[To do]: Starting at the line that contains "Map of area served by Service 538" in the listing below, write out every line word for word until you have written the line that contains "Air NZ staff flying Island Style".

[Records for the task]:
........

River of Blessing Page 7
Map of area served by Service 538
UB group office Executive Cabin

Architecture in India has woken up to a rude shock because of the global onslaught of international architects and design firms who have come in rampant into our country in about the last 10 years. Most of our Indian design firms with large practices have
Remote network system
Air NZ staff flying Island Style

........

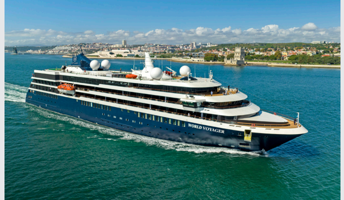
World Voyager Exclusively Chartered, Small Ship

........

[Answer to the problem]:
Map of area served by Service 538
UB group office Executive Cabin

Architecture in India has woken up to a rude shock because of the global onslaught of international architects and design firms who have come in rampant into our country in about the last 10 years. Most of our Indian design firms with large practices have
Remote network system
Air NZ staff flying Island Style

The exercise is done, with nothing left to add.